Un virus che uccide il suo ospite si estingue, a meno che non riesca a infettarne un altro prima che il primo ospite muoia. Di solito questo movimento avviene solo all'interno di una specie, ma le infezioni zoonotiche possono verificarsi quando un virus salta o si “riversa” dagli animali all'uomo. In questo caso, un virus che era innocuo nella specie di origine può causare gravi malattie, o addirittura la morte, nella specie successiva. Ma un virus non può infettare una nuova specie se non esistono le condizioni appropriate per il passaggio di specie. L'ecologo Jaime García-Moreno spiega che le barriere fisiche e biologiche che impediscono il passaggio da una specie all'altra hanno reso questi spostamenti relativamente rari.

«Gli agenti patogeni sono spesso confinati a una specie ospite (o a un gruppo di specie affini) e quindi, nonostante si sia continuamente esposti a molteplici agenti patogeni che hanno altre specie come ospiti, la maggior parte di questi non può e non infetta l'uomo; quelli che ci riescono raramente causano malattie nell'uomo e quasi sempre conducono a catene di infezione senza uscita...

«È chiaro che la semplice comparsa di un nuovo agente patogeno non è sufficiente a causare una nuova malattia, perché sono molti i fattori che finiscono per determinare se un agente patogeno può infettare un potenziale ospite e se l'infezione può autopropagarsi: la distribuzione dell'ospite, il rilascio dell'agente patogeno dall'ospite e la sopravvivenza, l'esposizione dell'uomo (o di un altro nuovo ospite) o la risposta immunitaria, per citarne solo alcuni. Siamo esposti quotidianamente a numerosi virus, ma solo pochissimi hanno evoluto i meccanismi per causare un ciclo di infezione di successo negli esseri umani».[10]
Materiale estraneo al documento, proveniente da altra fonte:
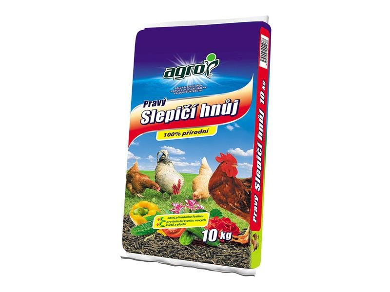 Hnojivo organické AGRO PRAVÝ SLEPIČÍ HNŮJ 10 kg Agro Pravý slepičí hnůj je organické hnojivo vyrobené z drůbeží podestýlky s přidáním melasy, melasových výpalků. Používá se k základnímu hnojení před výsadbou, případně k přihnojování během vegetace ovoce, zeleniny,...
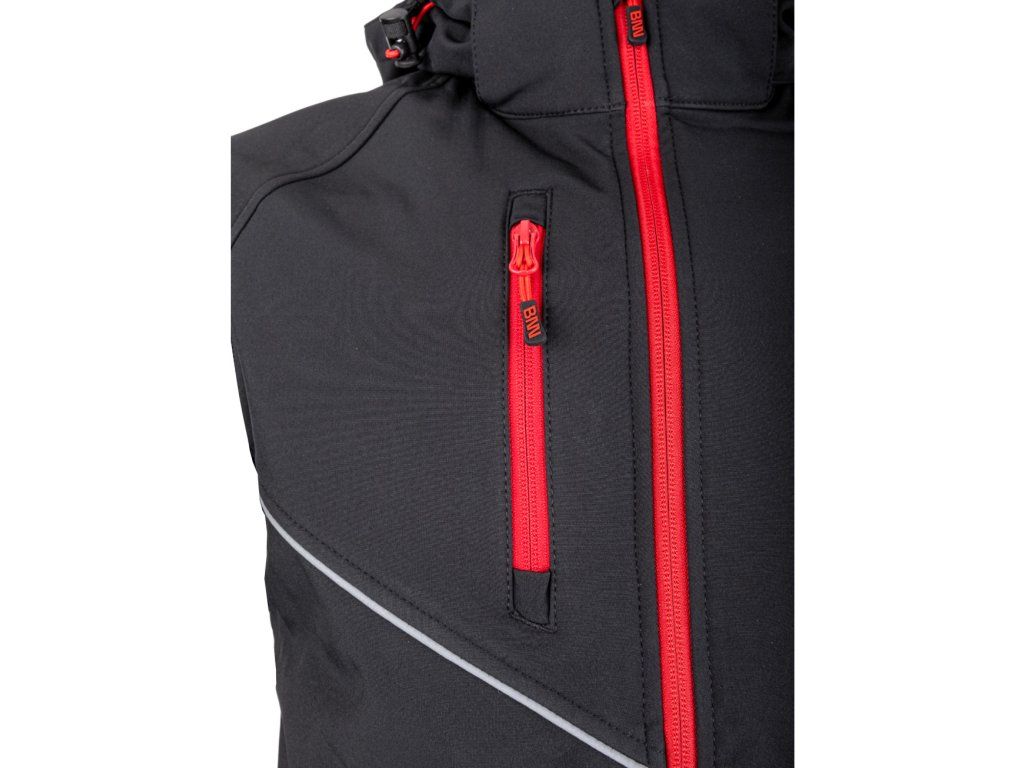Softshellová bunda pro volnočasové užití i pro práci. S hřejivým vnitřním ripstop fleecem, vhodné do chladnějšího počasí. Pružný a prodyšný materiál, který je větru i vodě odolný Vodní sloupec 5000 mm 3 vnější kapsy na zip + 3 vnitřní Odnímatelná kapuce, kterou lze nastavit pomocí suchého zipu Štítek na jmenovku Reflexní prvky na zádech a na hrudi Ventilace na zádech pomocí zipu Možnost nastavení šířky boků pomocí šňůrek Doporučujeme kombinovat s kalhoty FORCE Trousers black/red.

Tuttavia, nel corso dei secoli molti virus hanno fatto il salto. Alcuni primi cacciatori hanno indubbiamente contratto malattie mortali dal sangue degli animali che hanno ucciso, macellato e mangiato, ma le loro società erano troppo piccole perché gli agenti patogeni potessero persistere come malattie umane. Le cose cambiarono con la rivoluzione neolitica, quando l'allevamento del bestiame portò un gran numero di esseri umani a contatto diretto e frequente con gli animali. L'allevamento di bestiame ha creato «una bonanza per i nostri microbi. ... quando abbiamo addomesticato animali sociali, come mucche e maiali, questi erano già afflitti da malattie epidemiche che aspettavano solo di essere trasferite a noi».[11]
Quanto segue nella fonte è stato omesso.